Recorded data =>

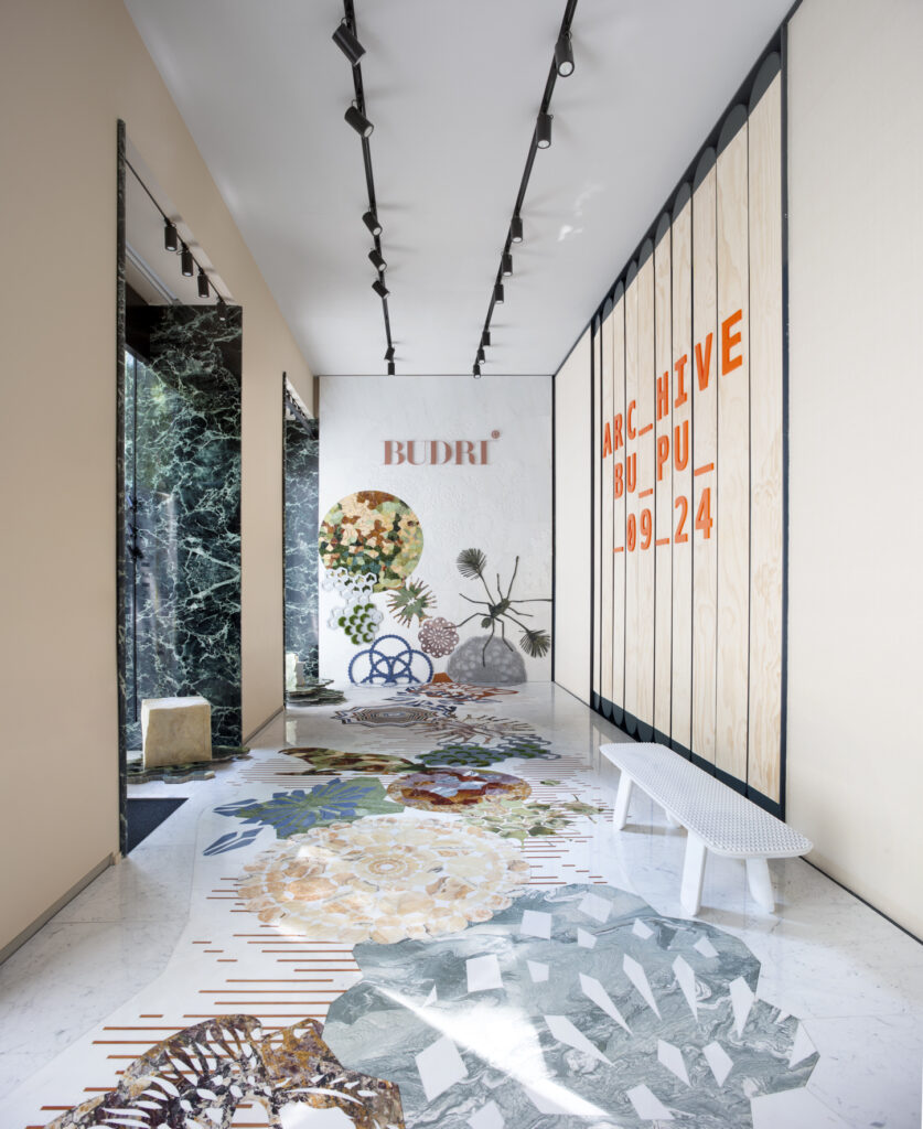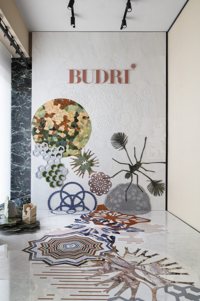 Il percorso affonda le radici nella prima collaborazione tra Budri e Patricia Urquiola: Macrosterias, progetto che ha segnato un  punto di svolta per l’azienda, il cui core business di allora era l’intarsio classico. Nato come “salto nel buio”, Macrosterias ha introdotto un microcosmo digitale-biologico nel mondo dell’intarsio artistico, trasformando la superficie lapidea in un paesaggio tridimensionale  di pattern, geometrie organiche e cromie vibranti. Il marmo si è fatto tappeto, stuoia tropicale, rivestimento verticale capace di sorprendere per profondità e leggerezza visiva.
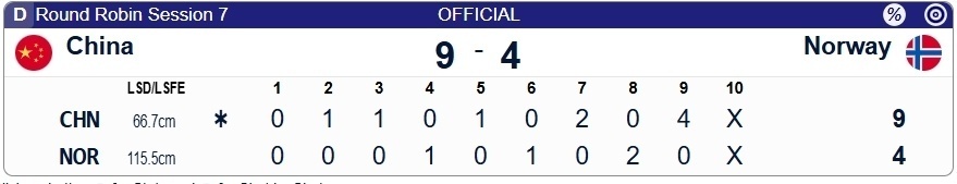 面对9-4的差距,挪威自认无法在第十局拿5分,选择提前握手认输。
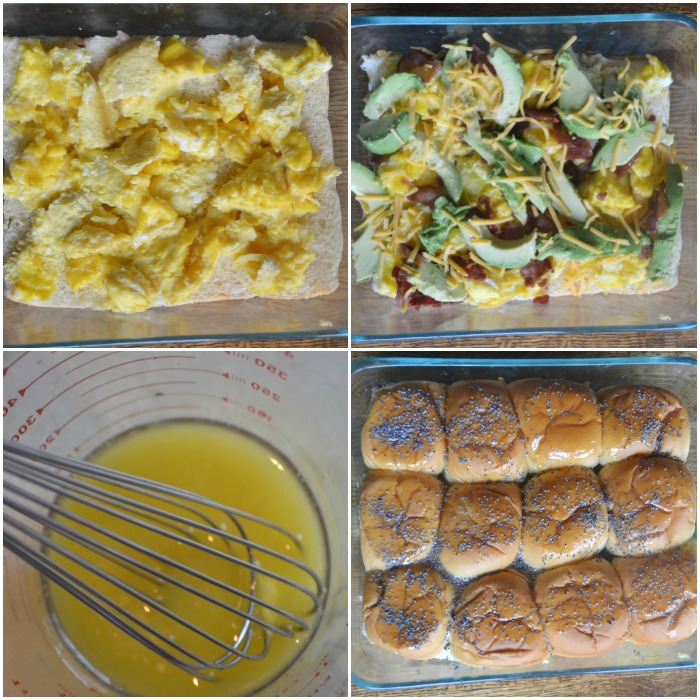 Method: Scramble eggs.  Cook bacon.  Cut Avocado, and slice.  Preheat oven to 350 F.   Cut the entire batch of Hawaiian rolls in half.  Arrange the eggs, bacon, avocados and cheese on the Hawaiian rolls.  Place the sandwiches in a baking dish.  In a bowl, prepare the sauce.  Melt butter, mix in maple syrup and Worcestershire sauce.  pour the sauce over the top of the sandwiches, and sprinkle on poppy seeds.

Work request =>
Please give the data again unaltered, leaving out any images.

Output of the task =>
 Il percorso affonda le radici nella prima collaborazione tra Budri e Patricia Urquiola: Macrosterias, progetto che ha segnato un  punto di svolta per l’azienda, il cui core business di allora era l’intarsio classico. Nato come “salto nel buio”, Macrosterias ha introdotto un microcosmo digitale-biologico nel mondo dell’intarsio artistico, trasformando la superficie lapidea in un paesaggio tridimensionale  di pattern, geometrie organiche e cromie vibranti. Il marmo si è fatto tappeto, stuoia tropicale, rivestimento verticale capace di sorprendere per profondità e leggerezza visiva.
 面对9-4的差距,挪威自认无法在第十局拿5分,选择提前握手认输。
 Method: Scramble eggs.  Cook bacon.  Cut Avocado, and slice.  Preheat oven to 350 F.   Cut the entire batch of Hawaiian rolls in half.  Arrange the eggs, bacon, avocados and cheese on the Hawaiian rolls.  Place the sandwiches in a baking dish.  In a bowl, prepare the sauce.  Melt butter, mix in maple syrup and Worcestershire sauce.  pour the sauce over the top of the sandwiches, and sprinkle on poppy seeds.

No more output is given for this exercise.